Note that block backups may not always make sense, since, for example,
there are chances that some blocks are no longer belonging to any
active file on an NN since the deletion progresses in small phases and
it could be some time before a raw block at a DN is invalidated (and
then deleted).

On Sat, Jul 7, 2012 at 12:28 AM, Yaron Gonen <yaron.go...@gmail.com> wrote:
> Thanks, I'll look at that tool.
> I still wish to iterate the blocks from the Java interface since I want to
> look at their metadata. I'll look at the source code of the command line
> tools you mentioned.
>
> Thanks again.
>
> On Jul 6, 2012 9:07 PM, "Harsh J" <ha...@cloudera.com> wrote:
>>
>> Does HDFS's replication feature not do this automatically and more
>> effectively for you?
>>
>> I think for backups you should look at the DistCp tool, which backup
>> at proper file-levels rather than granular block level copies. It can
>> do incremental copies too, AFAICT.
>>
>> In any case, if you wish to have a list of all blocks at each DN,
>> either parse out the info returned via "dfsadmin -metasave", "fsck
>> -files -blocks -locations", or ls -lR the DN's data dir.
>>
>> On Fri, Jul 6, 2012 at 11:23 PM, Yaron Gonen <yaron.go...@gmail.com>
>> wrote:
>> > Thanks for the fast reply.
>> > My top goal is to backup any new blocks on the DN.
>> > What i'd like to do is to go over all the blocks in the DN and to make a
>> > signature for any one of them. I'll compare that signature with a backup
>> > server.
>> > I guess another feature will be to check only new blocks, so i'll have
>> > to
>> > look at the metadata of each block.
>> >
>> > On Jul 6, 2012 5:59 PM, "Harsh J" <ha...@cloudera.com> wrote:
>> >>
>> >> When you say 'scan blocks on that datanode', what do you mean to do by
>> >> 'scan'? If you want merely a list of blocks per DN at a given time,
>> >> there are ways to get that. However, if you want to then perform
>> >> operations on each of these block remotely, then thats not possible to
>> >> do.
>> >>
>> >> In any case, you can run whatever program you wish to agnostically on
>> >> any DN by running it on the dfs.datanode.data.dir directories of the
>> >> DN (take it from its config), and visiting all files with the format
>> >> ^blk_<ID number>$.
>> >>
>> >> We can help you better if you tell us what exactly are you attempting
>> >> to do, for which you need a list of all the blocks per DN.
>> >>
>> >> On Fri, Jul 6, 2012 at 7:58 PM, Yaron Gonen <yaron.go...@gmail.com>
>> >> wrote:
>> >> > Hi,
>> >> > I'm trying to write an agent that will run on a datanode and will
>> >> > scan
>> >> > blocks on a that datanode.
>> >> > The logical thing to do is to look in the DataBlockScanner code,
>> >> > which
>> >> > lists
>> >> > all the blocks on a node, which is what I did.

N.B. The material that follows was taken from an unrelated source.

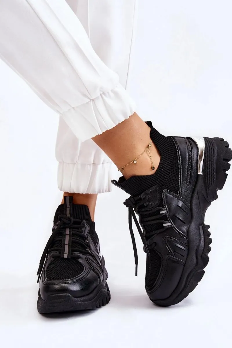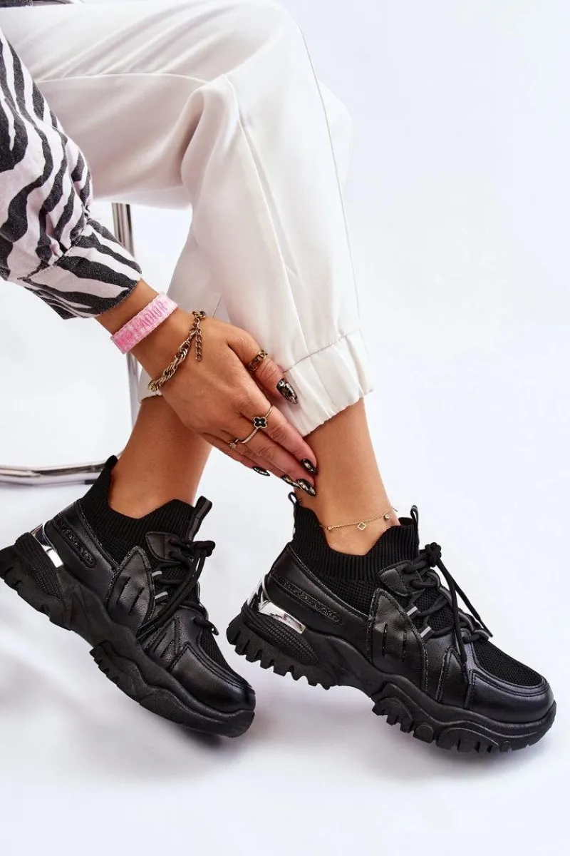 Buty sportowe zostały wykonane z połączenia eko skóry oraz materiału tekstylnego. Model wsuwany z dodatkowym sznurowaniem. Buty zostały osadzone na masywnej platformie z płaskim obcasem i żłobieniami. Miękka wkładka zapewni komfortowe użytkowanie obuwia. Koniecznie powinnaś je mieć! Przy wyborze rozmiaru prosimy sugerować się tabelą rozmiarów.

>> >> > The problem is that the DataBlockScanner object is instantiated
>> >> > during
>> >> > the
>> >> > start-up of a DataNode, so a lot of objects needed (like FSDataSet)
>> >> > are
>> >> > already instantiated.
>> >> > Then, I tried with DataNode.getDataNode(), but it returned null
>> >> > (needless to
>> >> > say that the node is up-and-running).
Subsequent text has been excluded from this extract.